В Наггаре есть два-три Интернет-салона, цены вполне божеские для горного, удаленного от цивилизации селения – полтора доллара в час, так что можно посидеть, посмотреть – что творится в мире и в почтовом ящике. С Наташкой я познакомилась в автобусе. Она поехала с приятелями дальше – в Манали. А приметила я ее, еще когда пролезала к своему месту – такая пупса, симпатичная, с живыми глазками. Я думала, что она израильтянка, и вдруг услышала русскую речь. Она сидела в ряду прямо передо мной наискосок через проход, и я частенько ловила на себе ее взгляды. Попутчицы ее были совершенно тошнотворными девицами – одна пафосная, другая стерва, и я заметила, что лицо Наташки становится глупее, когда она с ними заговаривала. Плюнув на приличия, я довольно холодно отшила стервозную девушку, обратившуюся ко мне с каким-то вопросом, и заарканила к себе свою пупсу, после чего и узнала, что ее зовут Наташка, что я ей сразу очень понравилась, что ее попутчицы – это случайные знакомые, с которыми она летела в Индию в самолете и приклеилась к ним, поскольку сама не знала – что тут к чему. Мы сразу нашли общий язык, мне было с ней хорошо, приятно было прикасаться к ее рукам, плечам, обнимать ее, смотреть в глазки, и ей это тоже нравилось. Проболтали несколько часов. Как и я, она искала «то, не знаю чего» – то, что наполнило бы жизнь смыслом, содержанием, радостью, поиском, предвкушением. Как и я, она не захотела плесневеть дома и на работе, все бросила и понеслась в Индию в надежде хоть тут что-то или кого-то найти, или по меньшей мере просто попробовать разобраться в себе самой в стороне от обыденной суеты. Мы обменялись мэйлами и договорились, что обязательно встретимся в Москве. Наверняка она мне что-нибудь уже написала из Манали!... Точно! Письмо от Наташки...

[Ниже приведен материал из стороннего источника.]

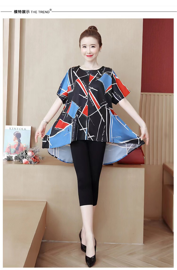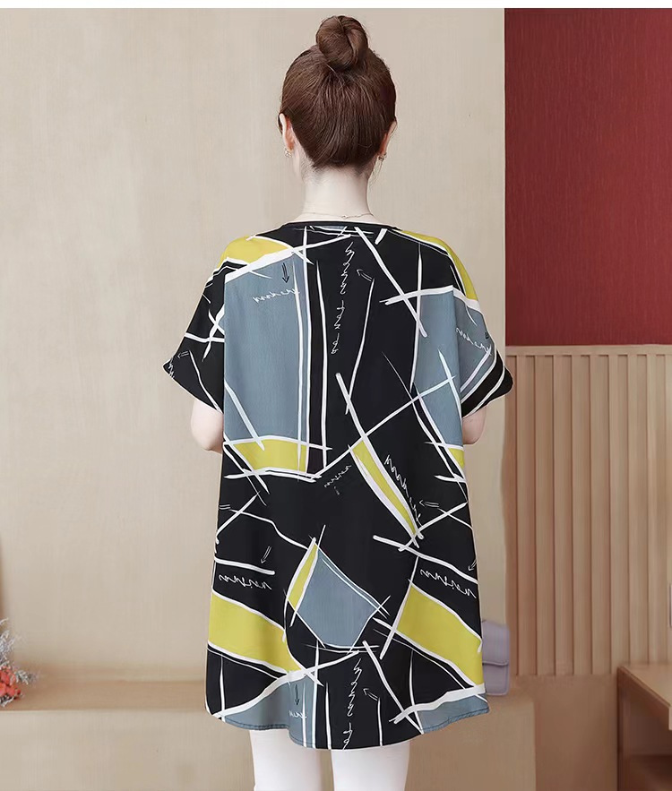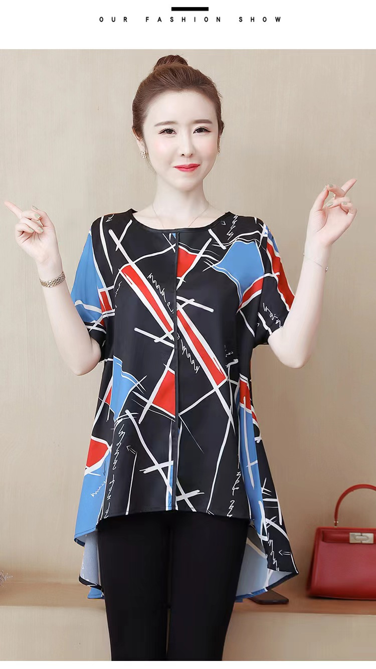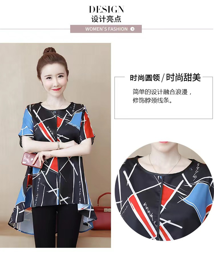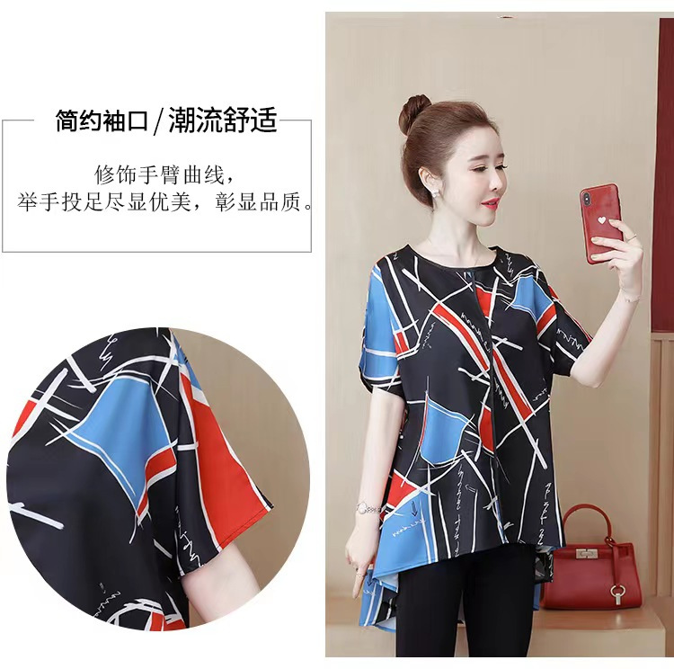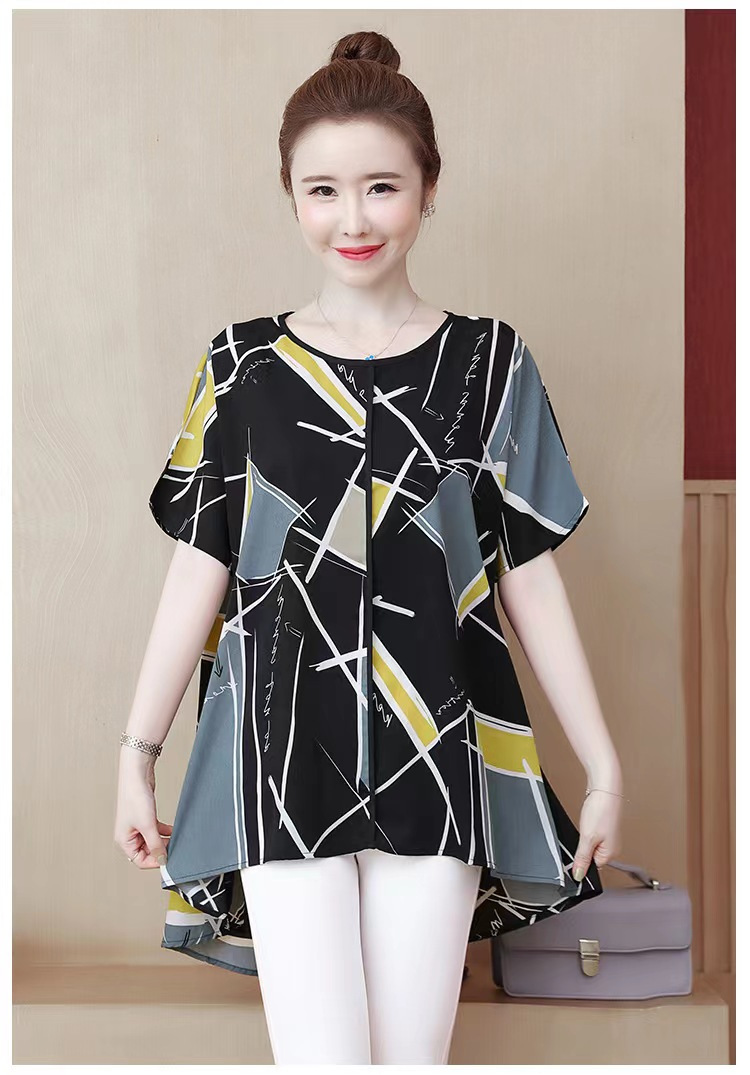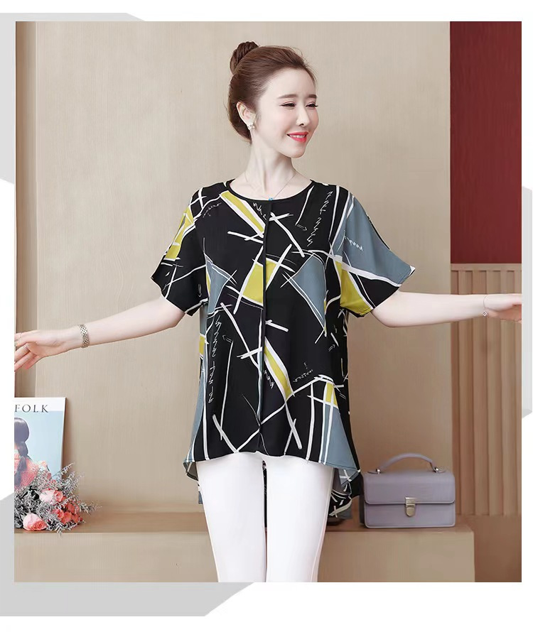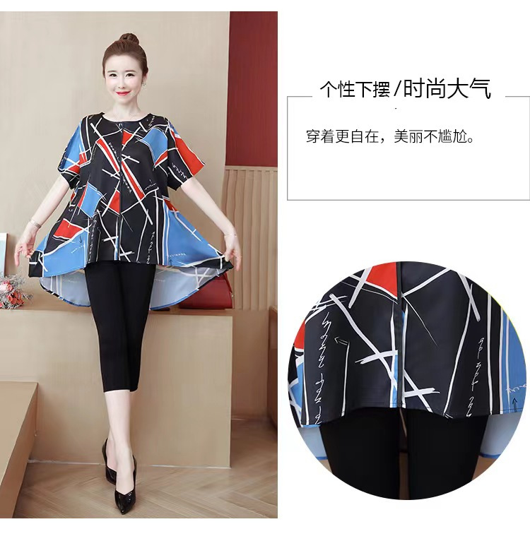 国境を越えた対外貿易の新型の大きいサイズの婦人服の2024夏の薄いタイプのプリントの半袖は腹を遮って年齢のお母さんのtシャツの上着を減らします。

"Привет, Майя! Это настоящее чудо, что мы с тобой встретились! Я не стала оставаться в Манали – тут совершенно нечего делать, и прямо сейчас одна уезжаю в Дарамсалу, говорят, там совершенно замечательные места – много тибетских монахов, красивые горы... помнишь, ты рассказывала мне про Лобсанга – может я его там встречу?:) Я тебе оттуда напишу, расскажу, как там. Я в тебя влюбилась с первого взгляда...
Майка, успехов тебе в твоих поисках, напиши – что у тебя получается с негативными эмоциями, а я напишу тебе из Дарамсалы. Обнимаю, тискаю, целую:) Твоя Наташка"
М-да, тут еще несколько писем, в том числе от родителей... Могу себе представить, что они мне пишут. Грузится... Ну точно!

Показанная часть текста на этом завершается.